For those of you who haven’t stopped reading because I am discussing a country song, I wanted to consider this whole “southern” dynamic that Miranda sings about quite often. It certainly isn’t just southern, but she is right to challenge this “pretty Christianity,” as I will call it. Maybe we need to ask ourselves when good manners and respect morph into downright faking it.
In the song, Lambert sings about a very dramatic way of dealing. She resents her mother’s “softer generation where you get a grip and bite your lip just to save a little face.” While the character of the song is the subject of gossip around town from the “barflies to the Baptists,” she reflects that in her mom’s eyes it “don’t matter how you feel, it only matters how you look.” While mama tells her to “run and hide [her] crazy and start acting like a lady,” she rebels even more.
Sure, we certainly shouldn’t give license to act on all our feelings. And sin is sin, which is evil. But what does a good Christian do when they have a broken heart, or a hurtful disagreement, don’t get that job we we’re after, or are just exhausted with life? We are all tempted to sin—all the time. Do we just pretend like we aren’t?
I think that much of the problem is a confusion about sanctification. Because we are justified in Jesus Christ, we are called to live a life of faith and obedience. But we can’t sanctify ourselves. God is faithful to his covenant and he is much more concerned with the reality of our broken hearts than how we look through the process. If you think about it, we are all crazy. Sin is crazy. Wanting to be fulfilled by anything other than Jesus Christ is crazy! Looking to anything else for meaning and value—just plain nuts. We need to look at our own crazy so that we see our need for Christ. But if we’re too busy hiding our crazy and acting like sanctified Christians, we are really on a self-atonement plan that is the craziest idea of all!
When I first heard Lambert’s song, I was thinking about all this fakeness in the church, and life in general. I was thinking about how we need to be real with people so that God can work on our broken hearts. “Blessed are the poor in spirit, for theirs is the kingdom of heaven.”
But as I was reflecting on it further, I began to think that I can really be that mama who keeps telling their kids to hide their crazy. I mean, a major part of my job is spent working on behavior. When it comes down to it, I don’t want my kid to be the one “holdin’ the matches when the fire trucks show up and there’s nobody else to blame.” I do have to teach them to resist sin, even when their “feelings” tell them otherwise. This is why the gospel is so important. It’s something that is totally outside of us, good news about what Christ has done despite myself. Our feelings may reek of desperation and bad desires. But we need to identify them for what they are and bring them to the cross.
If I’m honest, I don’t think that I have created the best parenting environment for the gospel.
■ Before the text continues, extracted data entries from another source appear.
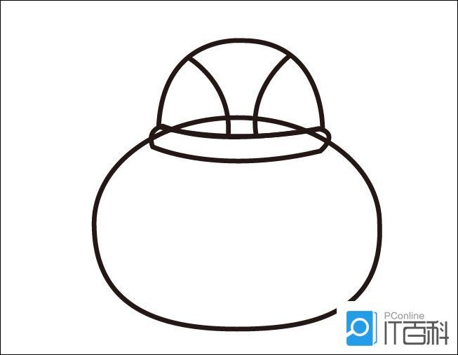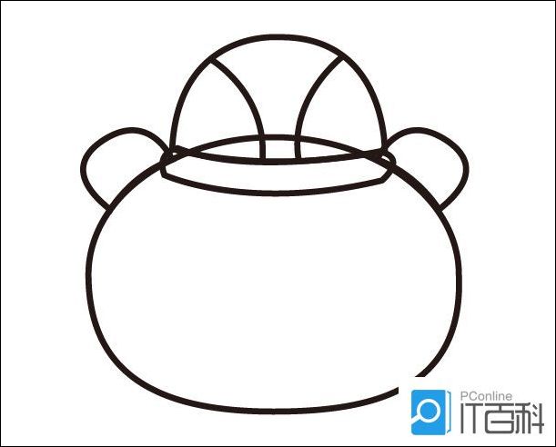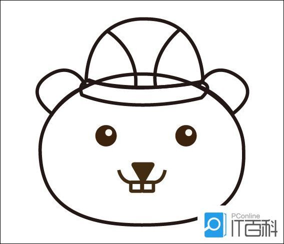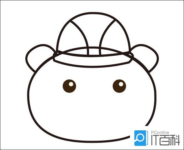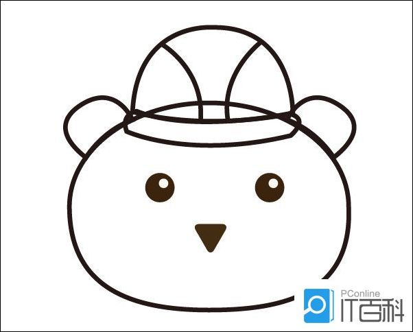 3、在帽子左侧画出一只耳朵,然后复制一个,镜像后放在帽子右侧,连接在小熊的头部。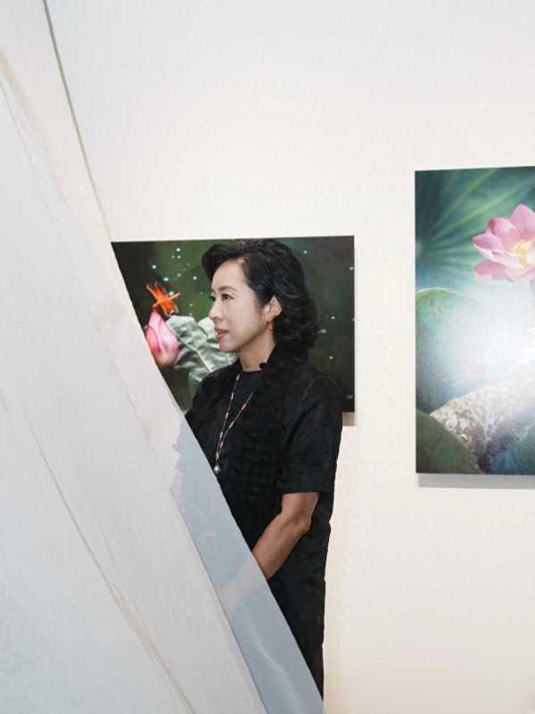 霍震霆前妻在上海办摄影展,黑裙配红鞋气质高雅,77岁丈夫也在场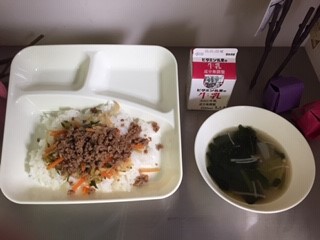 今日の給食は、ビビンバ、牛乳、トック、です。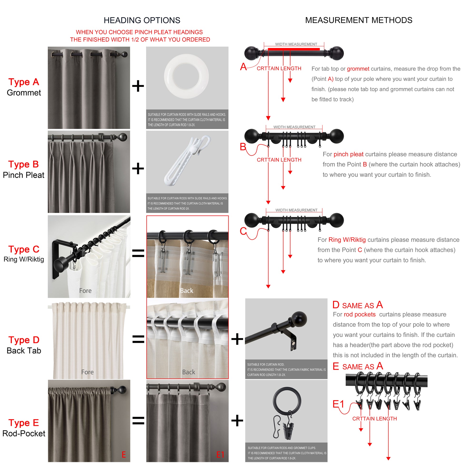 • Heading options we offer: Grommet, Versatile pleat, Pinch pleats, Back-tab, Rod-pocket, Pencil pleats. You can choose according to your personal preferences.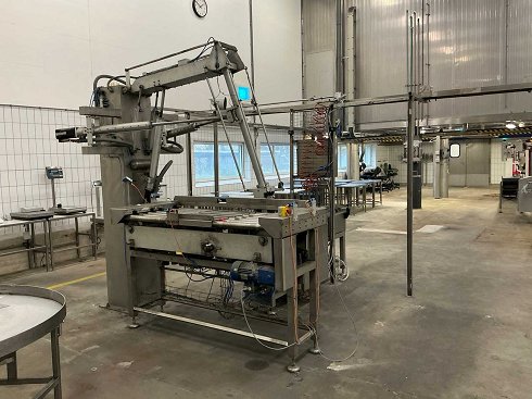 3 ejes, longitud de brazo 2800 mm, equipada con cinta transportadora de entrada, longitud 2000 mm y cinta transportadora de rodillos de flujo

I think that in some ways I have made it a little easier for my children to tell a lie and “hide their crazy.” Sure, many times that’s on them because they are merely trying to avoid the consequences of sin. But, is my heart prepared to offer compassion as well, or do they think that I am going to tersely condemn them with no grace? I have to ask myself if maybe sometimes I am more concerned with how my children make me look more than what is going on in their own hearts. Or maybe I’m just too tired to deal with it all. The difficulties in parenting just make me realize how much grace I need myself. But Lambert sings a mantra at the end of her song that I would never want my children to learn from me:Powder your nose, paint your toes Line your lips and keep ‘em closed Cross your legs, dot your I’s And never let ‘em see you cry
Christianity is only pretty because of our beautiful Savior. Painting our own righteousness over our crazy isn’t fooling anyone.